Anyways, after that fucked up experience I wake up next few weeks after were hell. I started having grainy static vision, "visual snow", and really intense flash backs to the experience, have the same passing out feeling and visuals idk. 
And experiencing really bad depersonalization constantly, like i am out of my body, looking at a tv screen, not being able to see or hear normally. Not being able to feel my hands, feeling like i was floating. Looking at things and thinking i'm not really looking at this, like i was mentally blacked out. The worst is i have constant visual snow, the static vision never goes away. Just looking at things will send me into a depersonalization episode and once i'm in one it's hard to get out. idk. I feel disconnected from who i am and my thoughts and life. I thought i had a brain tumor but from googling i realized that it was exactly what i was experiencing. Along with all that i was just losing my shit, having panic attacks to the point where i thought i was having a heart attack and couldn't breathe. A lot of er visits. 
I was sent to an out patient treatment center because i couldn't function. I was put on Klonopin, a benzodiazepine, for anxiety. It helped with the visual snow sort of but i am tapering off because it made me suicidal and depressed to an extent and i definitely think it was the drug.
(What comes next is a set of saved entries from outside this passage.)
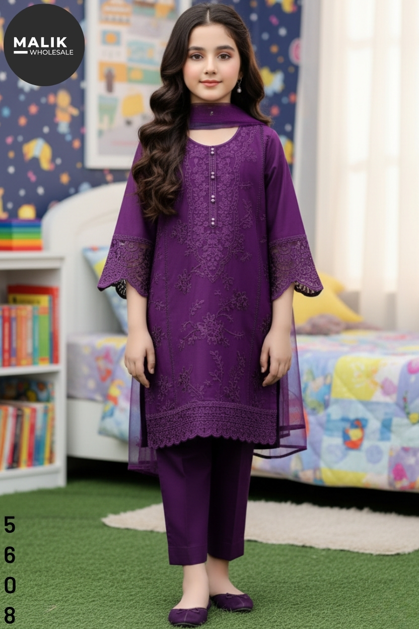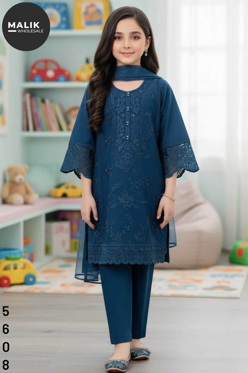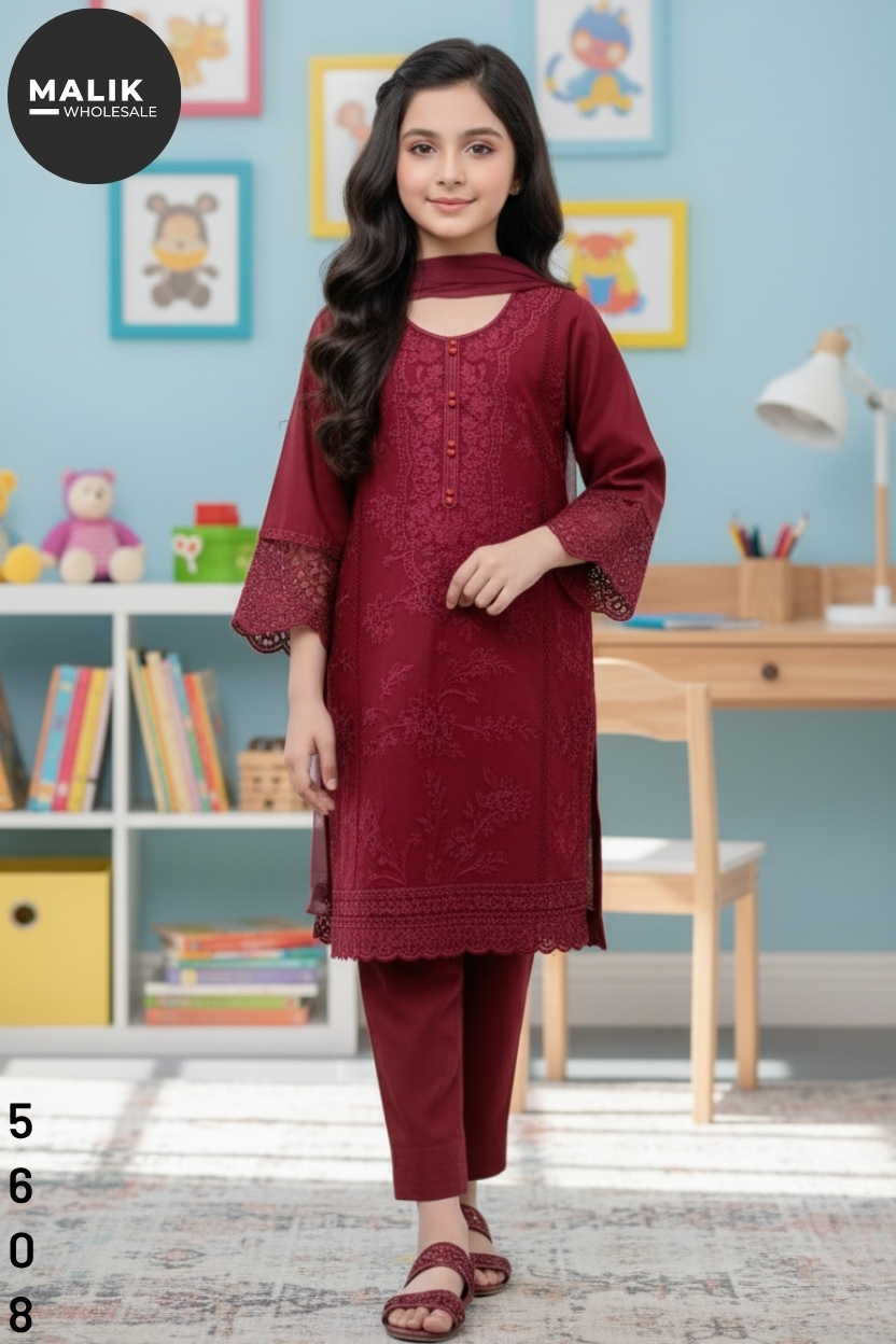 Add a touch of elegance to your little one’s wardrobe with our Girls Dhanka Midi Shirt by Malik Wholesale. Expertly stitched and delicately embroidered, this outfit features intricate detailing on soft, breathable fabric — perfect for both formal gatherings and casual wear. The mid-length shirt offers a graceful silhouette, complemented by stylish sleeves and a comfortable fit for growing girls. Designed to blend tradition with modern flair, it’s available in sizes 20 to 36, ensuring an ideal fit for every age. Each piece reflects Pakistani craftsmanship, making it a wardrobe essential this winter.
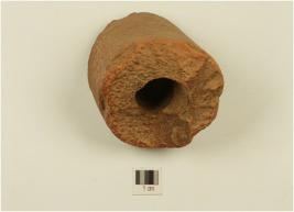 | Description / विवरण | Fragment of an tubular shaped indeterminate terracotta object, treated with red slip on exterior,has multiple grooves inside. |
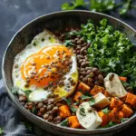 A hearty and nourishing breakfast bowl featuring warmly spiced lentils, roasted sweet potatoes, soft-boiled eggs, and a creamy tahini drizzle. This balanced savory bowl delivers protein, fiber, and comforting flavor to start the day.

I'm tapering off and it's getting better, but depersonalization and the visual symptoms are getting pretty bad. And anybody who knows about benzo withdrawal knows that comes with a lot of symptoms too. Basically i feel doomed. I feel really scared and like i'm losing my mind and like i've ruined my mind forever. Over a stupid edible. it's embarrassing but yeah just looking for support, and curious if anyone else with depersonalization has had it induced by weed, and has persisting visual snow/static vision as well, and is there any hope for me to get rid of it and see normally again. 
Sorry i'm rambling and this post is a lot to read just really scared and worried rn.


----------



## 106473 (Feb 7, 2017)

I'm sorry no one man's this section, bet it would be lovely to get an instant reply when you are worried out your mind.... well here is one.

What you are explaining is a panic attack. Some of the symptoms I can't explain, I am no doctor but it's NOT RARE. MOST have visual snow and everything you mentioned, most of it is DP...
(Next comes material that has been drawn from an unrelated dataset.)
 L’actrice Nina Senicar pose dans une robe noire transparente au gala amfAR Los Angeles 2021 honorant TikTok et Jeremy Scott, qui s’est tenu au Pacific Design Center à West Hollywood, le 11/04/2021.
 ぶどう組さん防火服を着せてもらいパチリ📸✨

My advice is lower anxiety, really hard to do actually, takes a lot of mind control, with a reverse, for instance 'OH WHAT THE F IS THAT" but the exactly the opposite... "yeah that's visional snow, who cares" it's against how your brain works almost. I have it light, but i don't care for it, so who cares... i have a lot worse things, but it's counter productive thinking about it.. if i see patterns they move, but they haven't in ages... i mean they have but i am not looking for it. In time it will fade, hopefully all of it will, i can't tell and i am sorry but no one can. In time maybe medication might help but for now, go for walks, keep active and forget it, get back into living life


----------



## PossessedBanana (Jul 9, 2017)

Hello,

Cannabis induced DP / DR is very common, I know how it feels, "how can weed do that to me ?". Cannabis bad trips are common, and sometimes, you're just not prepared for it. The first thing you need to do is to control your anxiety, you can't just stop it by thinking "I'm okay" but you can control yourself so you don't panic, breath slow, rationalize what you're experiencing, tell yourself I'm not going to die. Then as CK1 said, try not thinking too much about it, don't let it become an obsession. The first days / weeks are the worst, because you're tempted to panic, you're not used to something so uncomfortable and weird.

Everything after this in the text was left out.